When deploying a new service, an operational test was added to the legacy rTESTSPRODENV "prod-environment-behaves-correctly" tests collection.
Plan is to switch to NRPE checks for a Nagios-compatible monitoring solution.
Documentation and architecture choices are needed to guide monitoring contributions for new services.
Some questions to solve
Question | Plan |
Check scripts provisioning | Each Salt role has a monitoring unit to deploy the scripts |
Check scripts location | Somewhere in libexec like /usr/local/libexec/monitoring -> can we use a new entry in /map.jinja for common path across servers? |
Check format | Nagios NRPE with exit codes 0, 1, 2 or 3 |
Common library | Overkill for portable NRPE checks, library would have just the exit codes.

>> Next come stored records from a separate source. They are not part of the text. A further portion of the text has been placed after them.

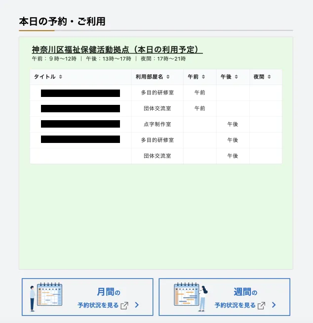 そこでkViewerを導入したところ、iframe用コードをホームページに埋め込むことで、月間の貸室予約状況を分かりやすく表示できるようになりました。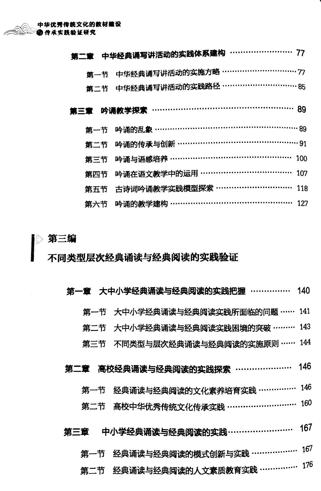 教材是优秀传统文化传承的核心载体,本课题项目组认为应以教材建设为手,将大中小学各学段的优秀传统文化教育融会贯通,打造一体性、互为呼应的优秀传统文化教育内容。本课题项目组以《中华经典诵读选本》做了尝试,该选本选取的百篇经典篇目中,来自小学、初中、高中阶段经典篇目占总篇目的50%,其余50篇为大学阶段的新增篇目,目的是让中华优秀传统文化教材文本在大学阶段有-体性的照应,同时也能一定程度上体现出延展,这样有利于国民经典教育在大学阶段能有一体性、系统性的夯实跟进。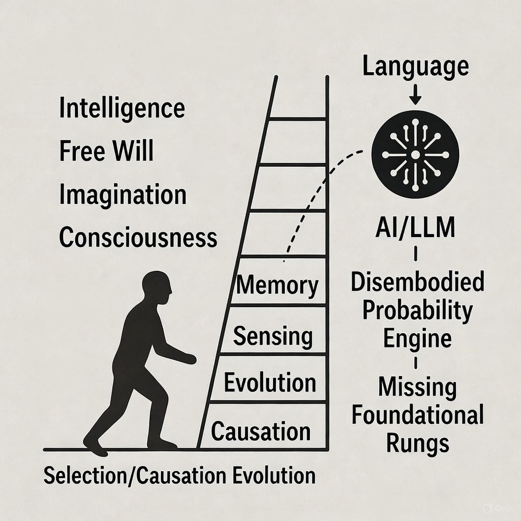 Cronin notes that LLMs like GPT-4 start at the very top of this ladder Language without having any of the foundational rungs (Evolution, Sensing, Agency). Because they lack the drive for survival and the capacity for sensing the physical world, they are “disembodied probability engines” rather than intelligent agents.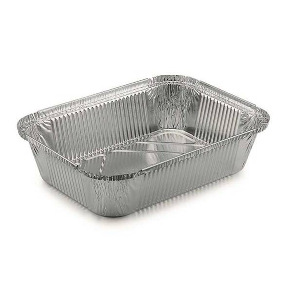 Σκεύος αλουμινίου R64L/N204 μεγάλου μεγέθους, ιδανικό για ασφαλή συσκευασία και μεταφορά φαγητού. Κατάλληλο για χρήση σε φούρνους έως 220°C. Συμβατό με χάρτινο καπάκι R64L για πρακτικό κλείσιμο.

Need to maintain it in different languages like Bash and Python |
Test suite for checks | Spawn a container with a specific scenario, check output with bats |
Minimal expected deliverable right now | monitoring/files/check_* so check idea isn't lost, we'll add file.managed deploy logic later |
NRPE exit codes
0 | SUCCESS | |
1 | WARNING | Any error to check after the critical ones. |
2 | CRITICAL | If the service is production, some feature is broken. |
3 | UNKNOWN | Something is missing for the check to run properly and determine success or failure. |